I do note that the analysis plan calls for sequential stopping rules that preserve type I error; however, I don’t believe that any reported statistics would be adjusted for that. Unlike frequentist intervals, Bayesian intervals are unchanged no matter how many interim analyses you do.

There is a lot we don’t know, and hopefully we will get more scientific clarity in the coming weeks. As it stands now, it seems like this vaccine has efficacy way above my baseline expectations, perhaps even in the 97% range or higher.

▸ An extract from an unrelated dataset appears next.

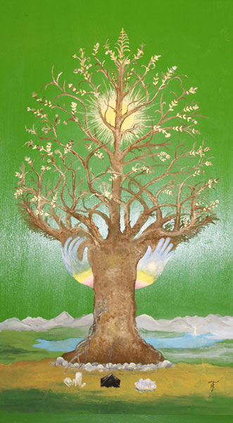 Behind this painting is one the Healing Tree Doors. These doors are the epicenter of where the intention of the happiness, health and longevity along with the infusion of earth energies and calibrated sound vibrations is focused into the blending process of each product.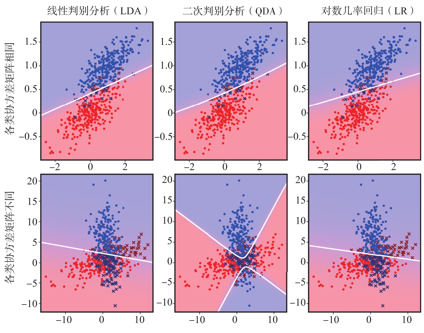的一个二次函数.这一做法被称为二次判别分析(Quadratic Discriminant Analysis,QDA).类似地,可以验证,在QDA的假设下得到的分界面为二次曲面,其结果如图3.5所示.

I could be wrong in my interpretation of the press release, and they are in fact talking about the sample effectiveness rather than the true effectiveness. In that case, 8 of the 94 cases would have been in the treatment group, and the interval for the true effectiveness would be between 81.6% and 95.6%. The posterior distribution would look pretty darn good, but not quite as nice as the previous one.

vaccine2

It is important to have realistic expectations though. Efficacy is not the only metric that is important in determining how useful the vaccine is. Due to the fact that the study population has only been followed for months, we do not know how long the vaccine provides protection for. There is significant evidence of COVID-19 reinfection, so the expectation is that a vaccine will not provide permanent immunity. If the length of immunity is very short (e.g. 3 months), then it won’t be the silver bullet we are looking for. I’d be happy to see a year of immunity and ecstatic if it lasts two.

Additionally, there are the side effects. We’ll have to see what the results are from this trial, but in the phase II trial, something like 8% or 17% of subjects (I’m unsure of the dosage for the phase III) experienced a fever after their booster. It is likely that you’ll want to take the day after you get the second shot off work in case you don’t feel well. The rate of side effects may harm vaccine uptake.